Tullycraft chronology
| City of Subarus (1998) | The Singles (1999) | Beat Surf Fun (2002) |

= The Singles (Tullycraft album) =

The Singles is a singles, b-sides and rarities compilation CD from the indie pop band Tullycraft. It compiles early seven inch singles & split singles, compilation tracks, and a couple live radio performances.
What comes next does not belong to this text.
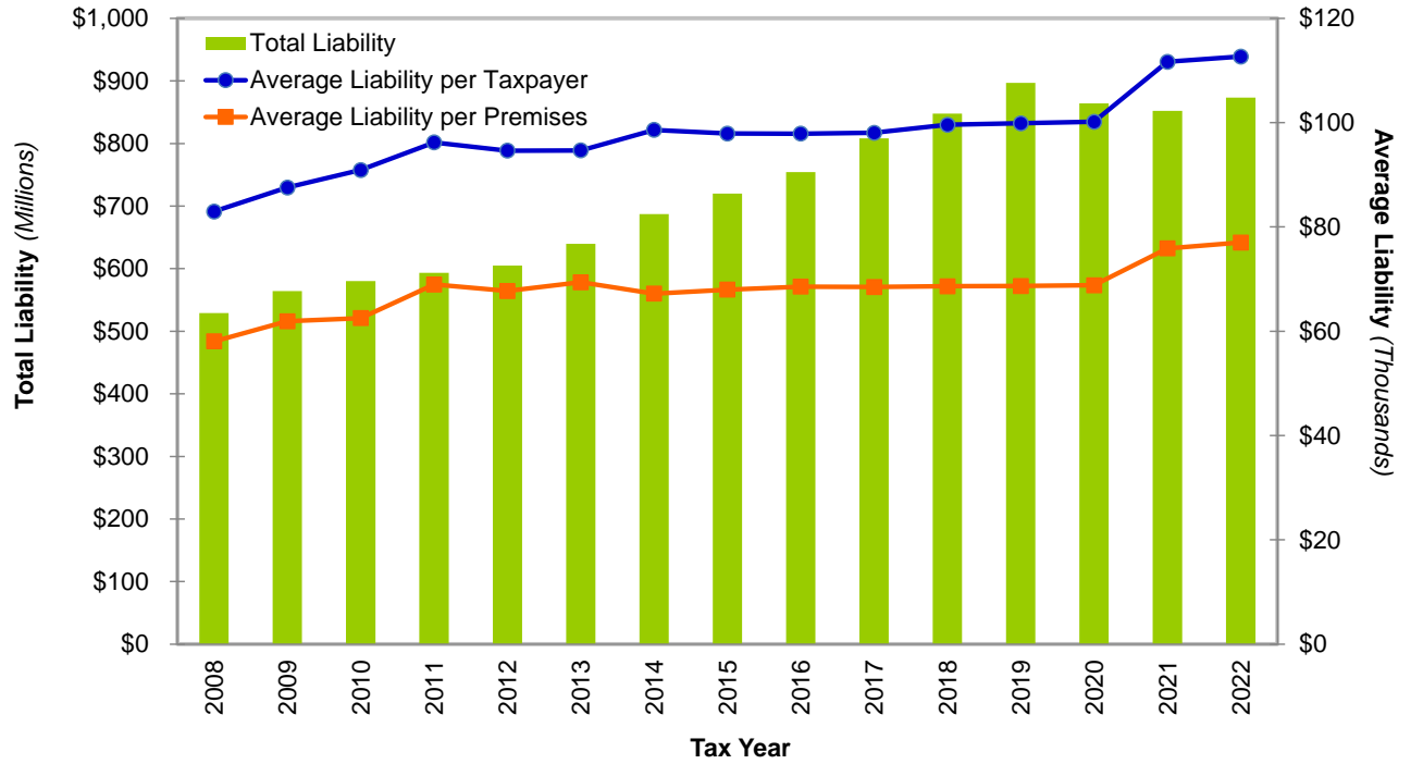
Figure 1 TAXPAYER AND PREMISES LIABILITY TY 2008 – TY 2022

The majority of the songs were recorded during the period between the band's first two albums, Old Traditions, New Standards and City of Subarus.

Professional ratings
Review scores
| Source | Rating |
| Allmusic | link |

==Track listing==
1. "Skyway"
2. "Superboy & Supergirl"
3. "Pop Songs Your New Boyfriend's Too Stupid to Know About"
4. "Pink Lemonade"
5. "Bailey Park"
6. "Pedal" [Crayon]
7. "Josie"
8. "1st String Teenage High"
9. "Not Quite Burning Bridges"
10. "Piano Lessons for Beauty Queens"
11. "Stay Cool I'll See You This Summer"
12. "Falling Out of Love (with you)" [6ths]
13. "Guyana Punch" [Judy's]
14. "She's Got the Beat" [Judy's]
15. "Break Seaside (and over)"
16. "Maybe Baby" [Ninjas]
17. "Heroes and Villains" [Pooh Sticks]
18. "They're Not Trying on the Dance Floor" [Jonathan Richman]
19. "8 Great Ways"
20. "Crush the Scene (live)"
21. "Look How We Killed the Riot Grrrls (live)"
22. "Loveless (live)" [New Order]

==Personnel==
- Sean Tollefson – vocals, bass
- Jeff Fell – drums, bass
- Gary Miklusek – guitar, backing vocals, keyboard
- Chris Munford – guitar, keyboard, backing vocals
- Harold Hollingsworth – lead guitar

== Addition personnel ==
- Jen Abercrombie – vocals on "Heroes and Villains"
- Robynn Iwata – vocals on "Josie"
- Pat Maley – backing vocals on "Guyana Punch"
- Rose Melberg – backing vocals on "Pedal"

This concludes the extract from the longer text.